Start of RECORDS

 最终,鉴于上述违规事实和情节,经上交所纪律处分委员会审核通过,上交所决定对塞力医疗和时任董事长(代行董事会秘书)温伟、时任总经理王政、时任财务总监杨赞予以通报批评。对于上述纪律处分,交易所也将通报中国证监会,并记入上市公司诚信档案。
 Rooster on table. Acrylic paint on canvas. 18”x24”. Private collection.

End of RECORDS
Start of RECORDS

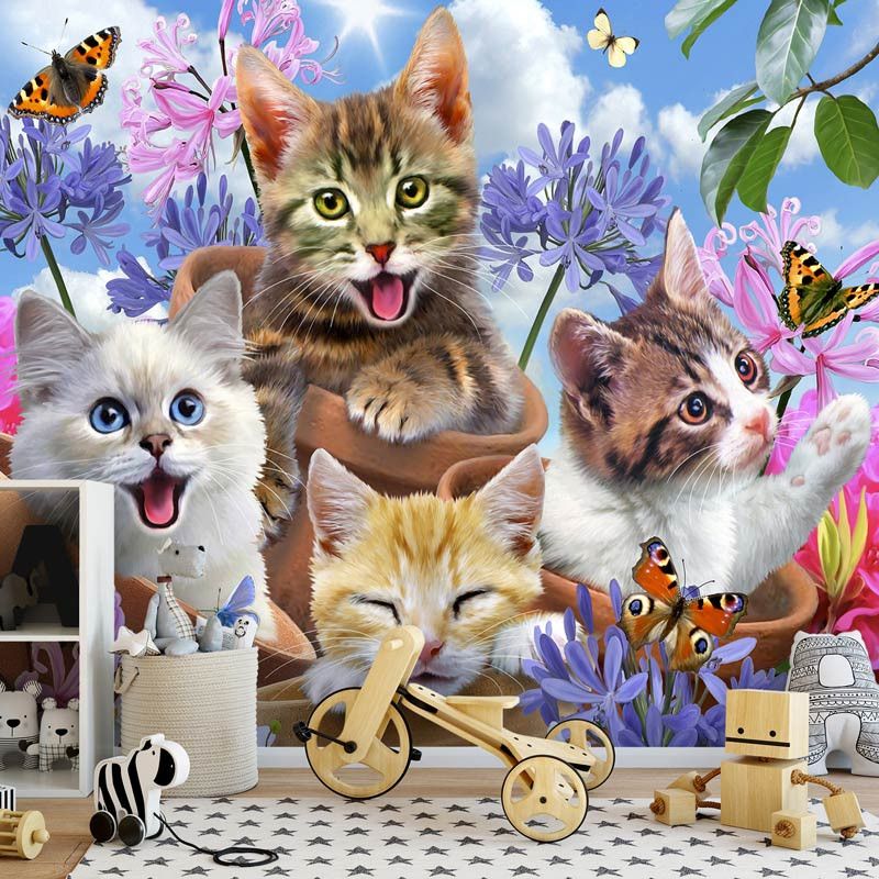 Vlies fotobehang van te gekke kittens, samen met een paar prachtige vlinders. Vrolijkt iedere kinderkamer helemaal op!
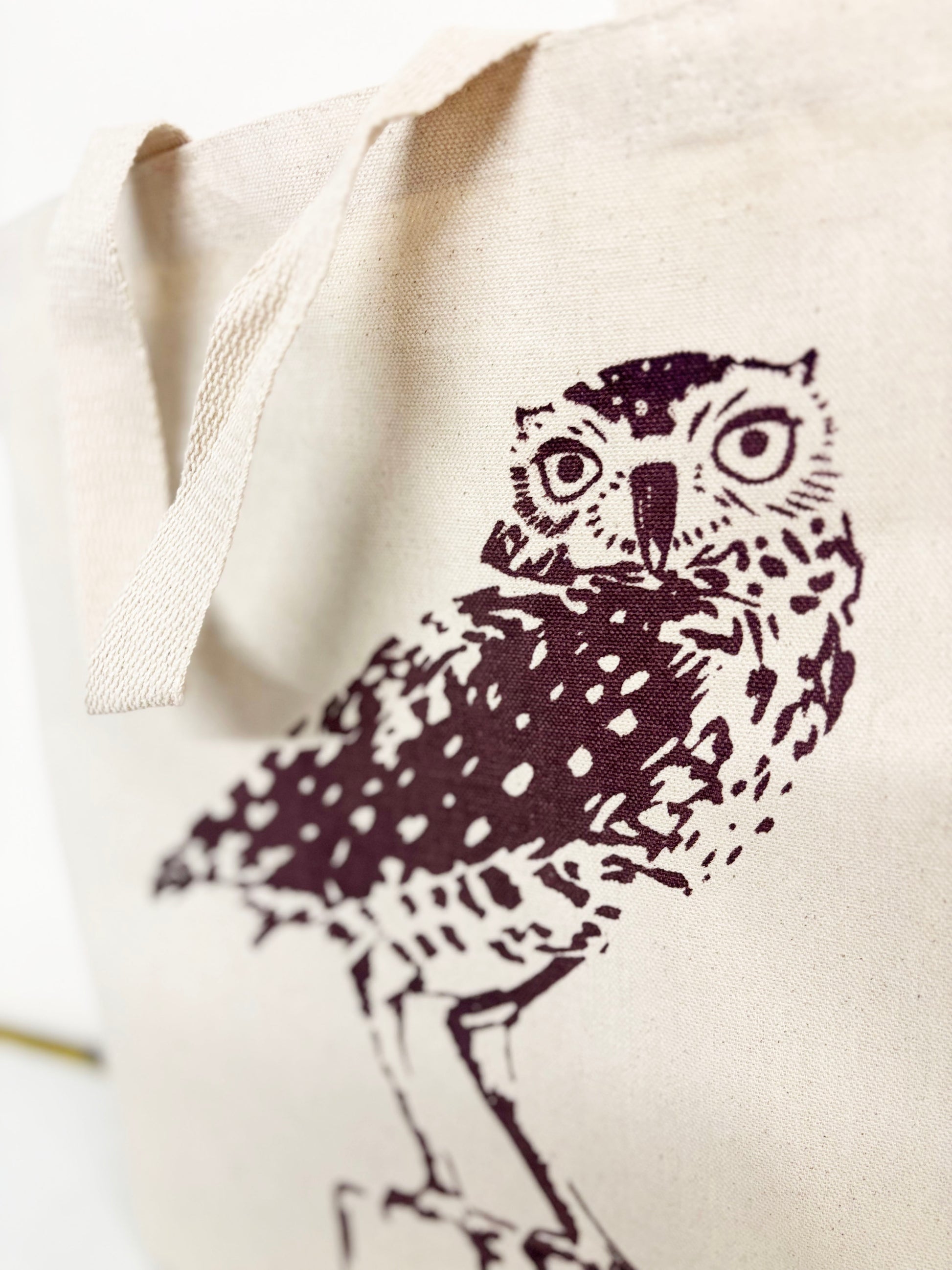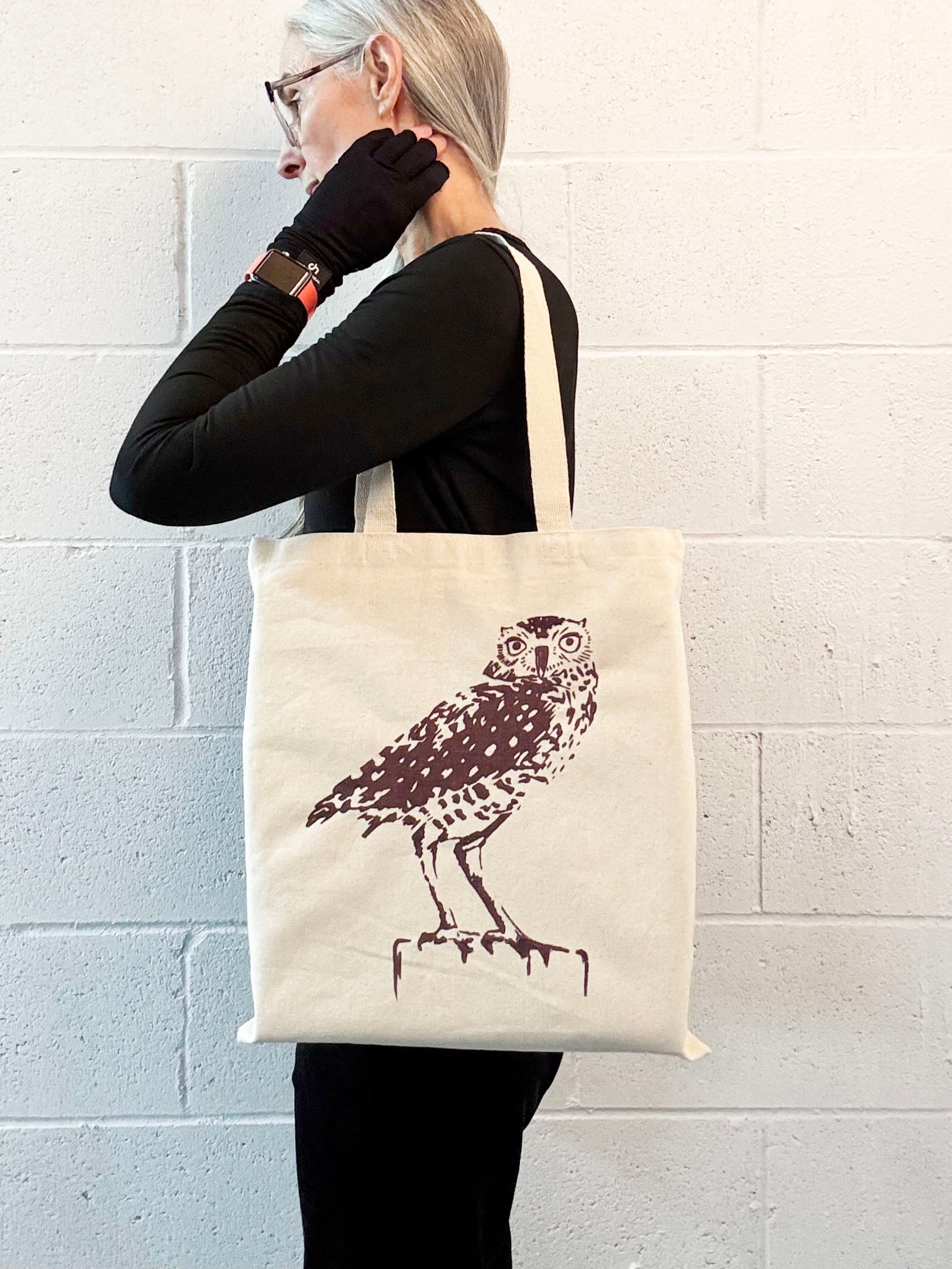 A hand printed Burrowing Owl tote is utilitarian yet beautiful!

End of RECORDS
Start of RECORDS

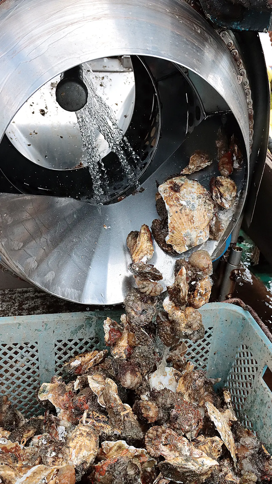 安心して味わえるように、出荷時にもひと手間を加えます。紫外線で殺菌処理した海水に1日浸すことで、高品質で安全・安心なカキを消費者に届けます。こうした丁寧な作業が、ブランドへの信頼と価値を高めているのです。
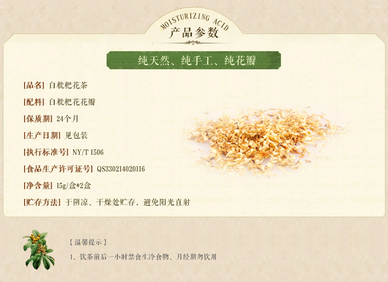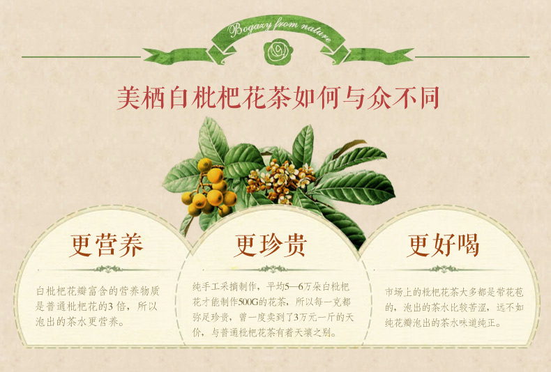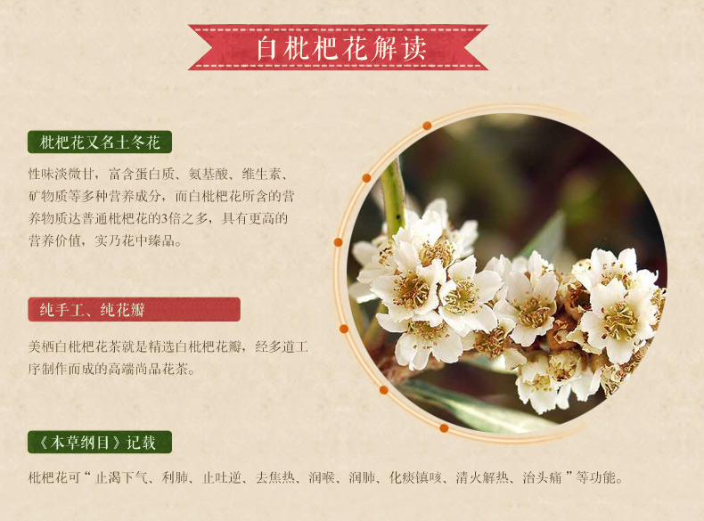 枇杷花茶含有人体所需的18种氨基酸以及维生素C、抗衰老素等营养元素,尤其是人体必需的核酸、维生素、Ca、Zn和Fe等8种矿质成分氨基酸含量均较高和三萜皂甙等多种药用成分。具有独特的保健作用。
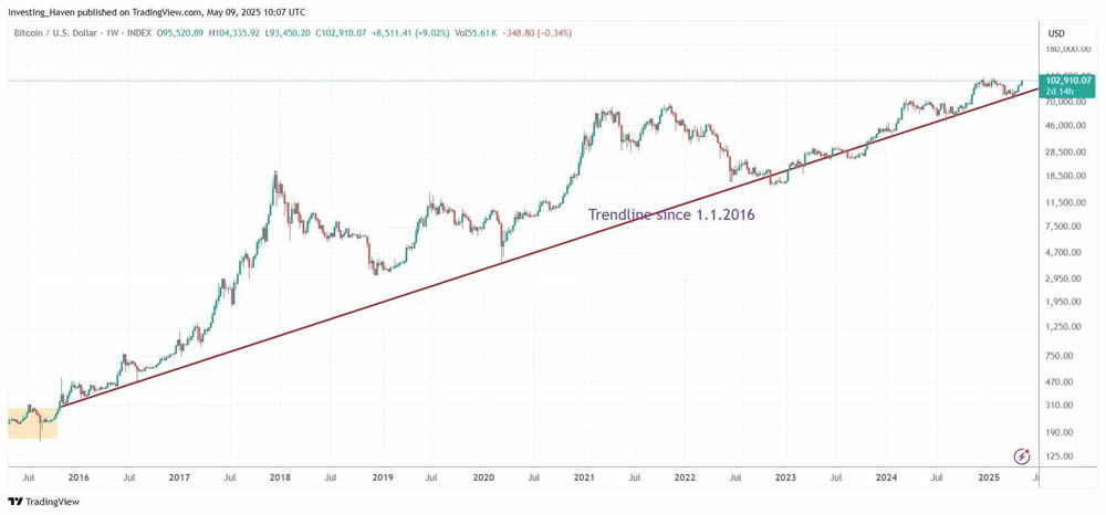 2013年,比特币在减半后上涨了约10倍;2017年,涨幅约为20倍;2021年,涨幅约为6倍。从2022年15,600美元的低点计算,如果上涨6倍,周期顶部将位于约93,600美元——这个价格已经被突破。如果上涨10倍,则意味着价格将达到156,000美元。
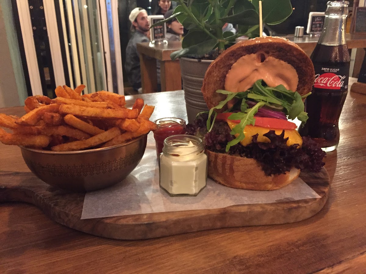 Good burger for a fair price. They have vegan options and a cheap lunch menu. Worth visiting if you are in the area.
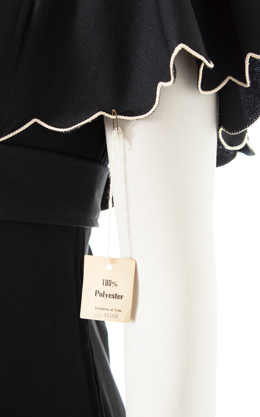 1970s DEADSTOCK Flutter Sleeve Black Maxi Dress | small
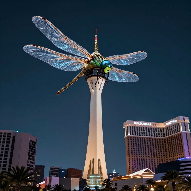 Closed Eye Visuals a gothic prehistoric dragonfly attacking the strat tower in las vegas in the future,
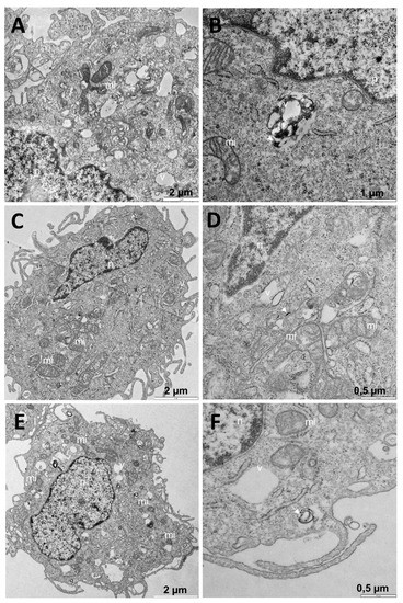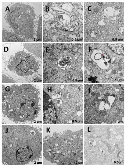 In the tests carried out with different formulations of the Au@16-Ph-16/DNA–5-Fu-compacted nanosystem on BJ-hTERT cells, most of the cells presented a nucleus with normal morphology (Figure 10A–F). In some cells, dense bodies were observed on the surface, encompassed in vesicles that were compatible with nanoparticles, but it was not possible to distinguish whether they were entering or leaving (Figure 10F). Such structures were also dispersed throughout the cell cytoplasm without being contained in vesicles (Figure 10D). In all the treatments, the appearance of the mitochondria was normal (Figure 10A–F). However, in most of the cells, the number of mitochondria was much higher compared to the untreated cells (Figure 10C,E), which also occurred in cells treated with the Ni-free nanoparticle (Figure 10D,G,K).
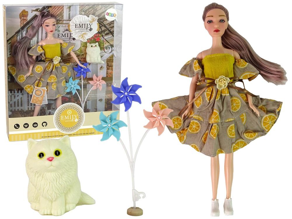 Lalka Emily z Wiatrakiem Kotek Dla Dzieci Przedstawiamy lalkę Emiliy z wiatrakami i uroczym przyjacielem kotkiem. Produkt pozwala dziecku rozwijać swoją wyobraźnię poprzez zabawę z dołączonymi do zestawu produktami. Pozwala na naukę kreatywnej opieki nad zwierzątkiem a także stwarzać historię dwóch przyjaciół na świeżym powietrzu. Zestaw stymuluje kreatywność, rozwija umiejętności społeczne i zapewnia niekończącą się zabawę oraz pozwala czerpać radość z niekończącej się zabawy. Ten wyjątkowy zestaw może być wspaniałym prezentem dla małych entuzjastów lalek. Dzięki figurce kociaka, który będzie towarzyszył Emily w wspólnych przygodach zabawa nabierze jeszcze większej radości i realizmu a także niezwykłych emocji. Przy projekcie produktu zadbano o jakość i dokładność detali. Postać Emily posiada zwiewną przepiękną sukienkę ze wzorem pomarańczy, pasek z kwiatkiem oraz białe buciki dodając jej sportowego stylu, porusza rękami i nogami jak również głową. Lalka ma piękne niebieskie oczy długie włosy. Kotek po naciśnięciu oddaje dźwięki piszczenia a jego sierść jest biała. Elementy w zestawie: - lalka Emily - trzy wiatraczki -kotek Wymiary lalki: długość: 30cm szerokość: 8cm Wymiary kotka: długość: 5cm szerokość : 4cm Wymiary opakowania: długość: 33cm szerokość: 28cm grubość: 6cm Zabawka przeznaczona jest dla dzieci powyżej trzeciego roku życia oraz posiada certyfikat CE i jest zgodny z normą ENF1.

End of RECORDS

REQUIREMENT >>
Output exactly the lines above that lie between the line with "安心して味わえるように、出荷" and the line with "In the tests", those two lines included, and no pictures.

WRITTEN SOLUTION >>
 安心して味わえるように、出荷時にもひと手間を加えます。紫外線で殺菌処理した海水に1日浸すことで、高品質で安全・安心なカキを消費者に届けます。こうした丁寧な作業が、ブランドへの信頼と価値を高めているのです。
 枇杷花茶含有人体所需的18种氨基酸以及维生素C、抗衰老素等营养元素,尤其是人体必需的核酸、维生素、Ca、Zn和Fe等8种矿质成分氨基酸含量均较高和三萜皂甙等多种药用成分。具有独特的保健作用。
 2013年,比特币在减半后上涨了约10倍;2017年,涨幅约为20倍;2021年,涨幅约为6倍。从2022年15,600美元的低点计算,如果上涨6倍,周期顶部将位于约93,600美元——这个价格已经被突破。如果上涨10倍,则意味着价格将达到156,000美元。
 Good burger for a fair price. They have vegan options and a cheap lunch menu. Worth visiting if you are in the area.
 1970s DEADSTOCK Flutter Sleeve Black Maxi Dress | small
 Closed Eye Visuals a gothic prehistoric dragonfly attacking the strat tower in las vegas in the future,
 In the tests carried out with different formulations of the Au@16-Ph-16/DNA–5-Fu-compacted nanosystem on BJ-hTERT cells, most of the cells presented a nucleus with normal morphology (Figure 10A–F). In some cells, dense bodies were observed on the surface, encompassed in vesicles that were compatible with nanoparticles, but it was not possible to distinguish whether they were entering or leaving (Figure 10F). Such structures were also dispersed throughout the cell cytoplasm without being contained in vesicles (Figure 10D). In all the treatments, the appearance of the mitochondria was normal (Figure 10A–F). However, in most of the cells, the number of mitochondria was much higher compared to the untreated cells (Figure 10C,E), which also occurred in cells treated with the Ni-free nanoparticle (Figure 10D,G,K).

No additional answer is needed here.